Thanks for the clarification question. We note that the sparsity is applied over the whole ensemble and we control Credit to have the same sparsity as HYDRA. To further clarify this question, we perform additional evaluations in which the number of parameters are also controlled. As shown in the table below, our method still outperforms HYDRA by a large margin when the number of parameter is controlled.
| Pruning Ratio | Method | $r = 0$ | $r = 0.25$ | $r = 110 / 255$ | $r = 0.5$ | $r = 0.75$ |
| :-----------: | :----: | :-------: | :--------: | :-------------: | :-------: | :--------: |
| 0.9 | HYDRA | 0.78 | 0.687 | 0.599 | 0.562 | 0.466 |
| | Credit | **0.786** | **0.701** | **0.629** | **0.602** | **0.496** |
| 0.95 | HYDRA | 0.759 | 0.678 | 0.598 | 0.572 | 0.45 |
| | Credit | **0.775** | **0.687** | **0.623** | **0.598** | **0.497** |
| 0.99 | HYDRA | 0.697 | 0.616 | 0.548 | 0.527 | 0.409 |
| | Credit | **0.701** | **0.625** | **0.569** | **0.545** | **0.451** |
> Since publishing, HYDRA is no longer state of the art in performance. What do auto-attack results look like for it?
Thanks for the suggestion. We note that auto-attack only evaluates the *empirical robustness* of models, while our work focuses on pruning a *diversified sparse ensemble* to achieve *high certified robustness*, which can guarantee that an input example's prediction remains unchanged as long as the perturbation is contained in a $\ell_2$ ball of certified radius around it. Additionally, because auto-attack is designed for non-smooth models, it could not generate adversarial examples against smoothed classifier because of its Monte Carlo estimation procedure. However, we also performed additional evaluations of empirical robustness of HYDRA and Credit with the following procedure: (1) we take the mean of the output confidence from the base ensemble evaluated on 30 Gaussian-augmented views of the same image; (2) we use projected gradient descent (PGD) with maximum perturbation norm $\varepsilon = 0.5$ to minimize this mean confidence and obtain the corresponding adversarial image; (3) we evaluate our smoothed model on the generated adversarial images. We present the results below.
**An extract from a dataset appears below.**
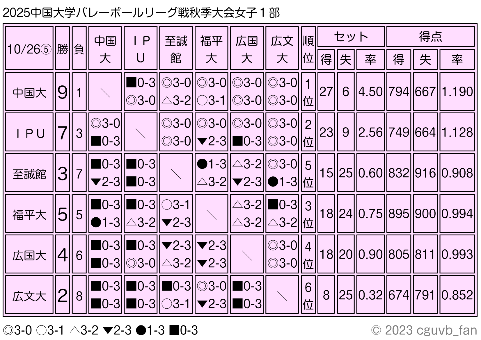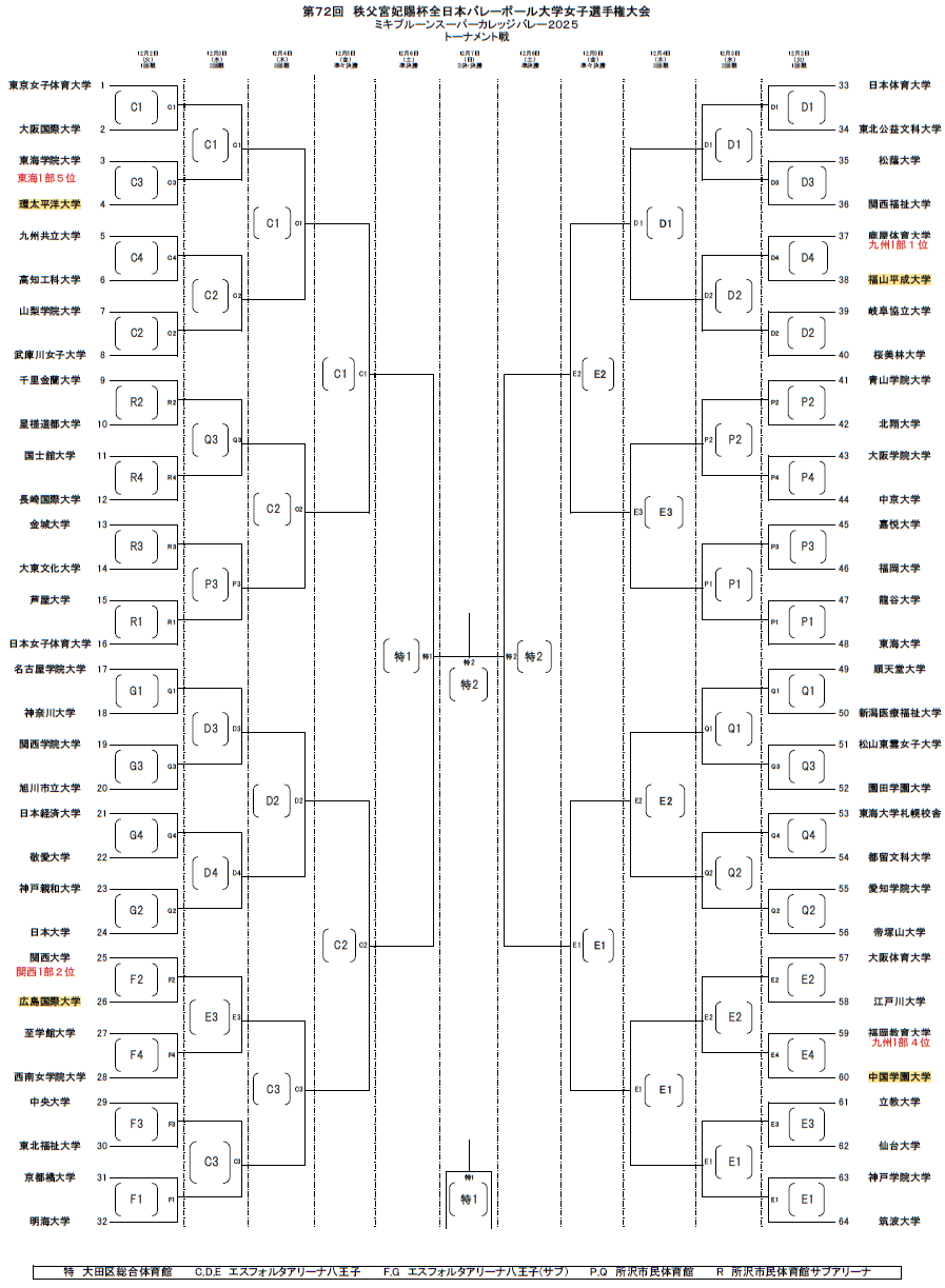 | 中国大 | 福岡教育大学(九州4位) | E4 | エスフォルタ八王子 |

| Method \ Sparsity | 0.9 | 0.95 | 0.99 |
| ----------------- | ----- | ----- | ----- |
| HYDRA | 0.721 | 0.65 | 0.647 |
| Credit | 0.729 | 0.712 | 0.641 |
We would like to emphasize again that our focus is about *certified robustness* instead of *empirical robustness*.
> Have you made sure that gradient diversity is enforced across the whole ensemble? How does one pick when to stop?
Thanks for the question. We note that we enforce gradient diversity in Credit *between every base model pair* and *throughout the entire training process*. For each base model pair $(F_i, F_j)$ where $i, j \in [N]$ and $i \neq j$, our gradient diversity loss promotes the diversity of gradients, defined as the gradient difference between different labels, between the base model $F_i$ and $F_j$ below
$$
\mathcal{L}_{GD}(x_0)_{ij} = \left\|\nabla_x f_i^{y_0/ y_i^{(2)}} + \nabla_x f_j^{y_0 / y_i^{(2)} }\right\|.
$$
It directly reflects the relationship between the magnitude and the directional diversity of the gradients of the base models.
We use a fixed stopping criteria for our training process when the number of epochs is met.
# Response to Review **sMk7**
We thank the reviewer’s appreciation for our work and address the questions below.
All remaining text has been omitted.